MATERIAL PROVIDED:
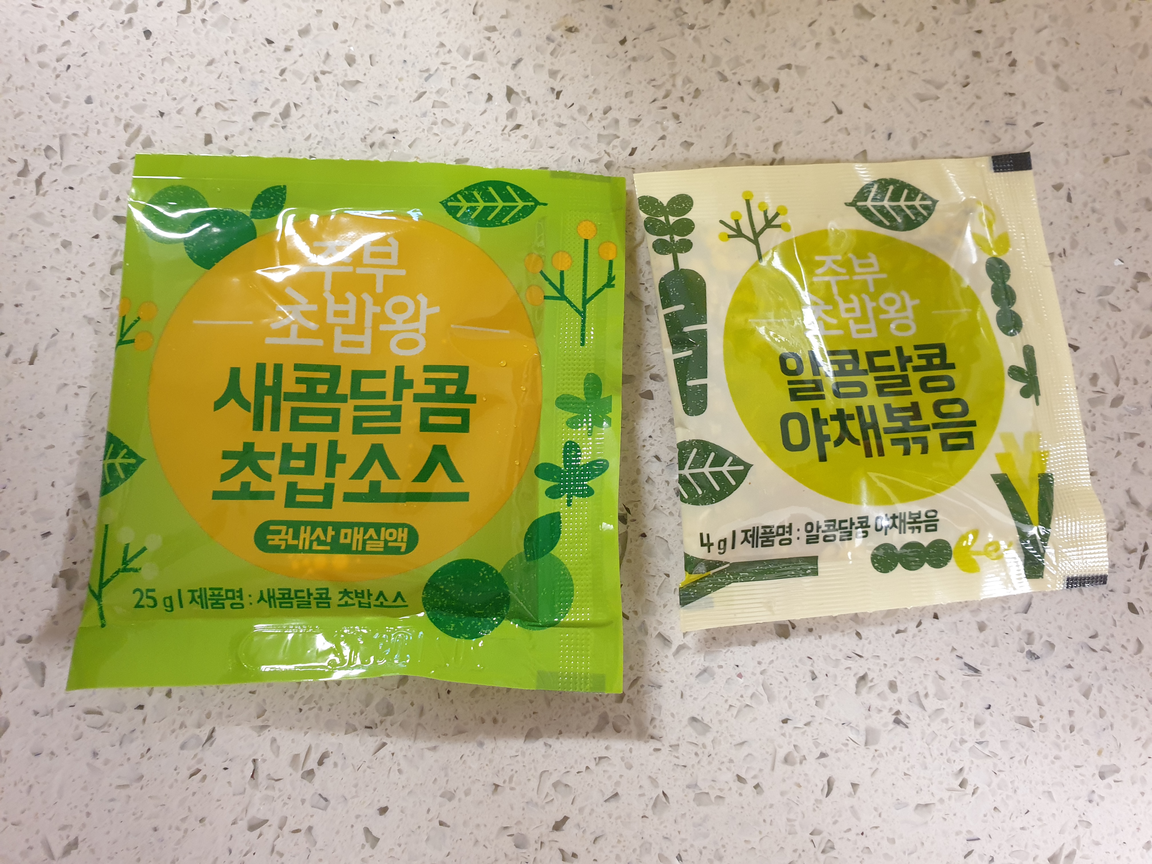 패키지안에 들어있는 초밥 소스와 야채 볶음을 같이 넣어준 뒤
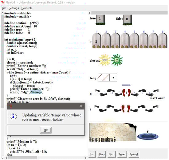 The C Language Programming Course in the experimental group was conducted as follows. Firstly, the role of the variable was gradually presented in the theoretical lectures (see Figure 2). The teacher provided some basic concepts of C programming language covered by case programs. As a new role appearing in the case program, the teacher instructed its definition in detail with the role-based animation and provided students with a case program in the PlanAni system (the more information about PlanAni can be found in the coming related contents). Thereafter, the teacher will repeat the informal definition and characteristics of a role whenever it reappeared in the forthcoming case programs. In practice, the code tracing and debugging technologies, supported by the generic visual IDE (Integrated Development Environment), were employed to visually show the life cycle of the variable and intuitively elaborate the function of a role. The teacher set breakpoints in the program codes and systematically explained the sequence of states of each variable role and its dependency on other variables with the visual debugging tools of IDE, such as QuickWatch, Step over, Set Next Statement, and so on. During the process, the teacher and students predicted the following states of a variable and the other variables it depended on, viewed its execution process, and checked the final execution result. To deepen and consolidate students’ understanding of the roles of a variable, in the next two homework assignments, participants must outline the role and reason for its adoption.
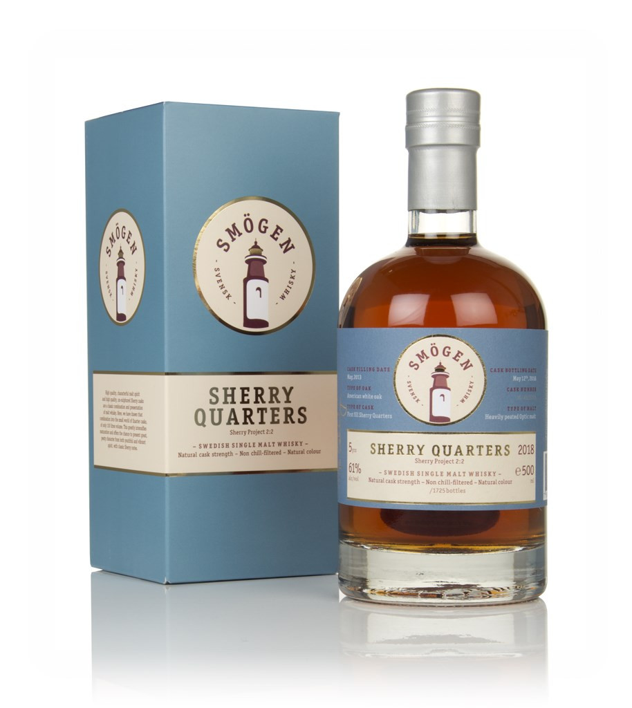5 year old Swedish single malt from the Smögen distillery, released as part of the Sherry Project series. This particular expression is Sherry Project 2:2, and was matured in first-fill sherry quarter casks, which are smaller than your run-of-the-mill casks, meaning more surface area for interaction between the wood and whisky. 1,725 bottles were produced.
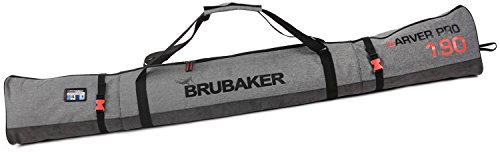 BRUBAKER Padded Ski Bag 'Carver Performance' For all carving, racing and all-mountain skiing equipment - this bag in fabric and artificial leather finish can carry one pair of ski up to a length of 190 cm (74 3/4") or up to up 170 cm (66 7/8") and poles. Two adjustable shoulder straps with a padded handle makes it easy to transport the equipment in this lightweight bag. Easy to load with the continuous strong 2-way front zipper. Compression straps adjusts the ski and poles in the bag. The Area around the ski bindings is foam padded and coated with cut-resistant fabric. The ventilation eyelets ensures optimum air circulation. With address tag at the outside of the bag. Dimensions:

WHAT THIS TASK INVOLVES:
With every picture omitted, write out the material exactly from its first line through the line containing "The C Language".

WRITTEN RESPONSE:
 패키지안에 들어있는 초밥 소스와 야채 볶음을 같이 넣어준 뒤
 The C Language Programming Course in the experimental group was conducted as follows. Firstly, the role of the variable was gradually presented in the theoretical lectures (see Figure 2). The teacher provided some basic concepts of C programming language covered by case programs. As a new role appearing in the case program, the teacher instructed its definition in detail with the role-based animation and provided students with a case program in the PlanAni system (the more information about PlanAni can be found in the coming related contents). Thereafter, the teacher will repeat the informal definition and characteristics of a role whenever it reappeared in the forthcoming case programs. In practice, the code tracing and debugging technologies, supported by the generic visual IDE (Integrated Development Environment), were employed to visually show the life cycle of the variable and intuitively elaborate the function of a role. The teacher set breakpoints in the program codes and systematically explained the sequence of states of each variable role and its dependency on other variables with the visual debugging tools of IDE, such as QuickWatch, Step over, Set Next Statement, and so on. During the process, the teacher and students predicted the following states of a variable and the other variables it depended on, viewed its execution process, and checked the final execution result. To deepen and consolidate students’ understanding of the roles of a variable, in the next two homework assignments, participants must outline the role and reason for its adoption.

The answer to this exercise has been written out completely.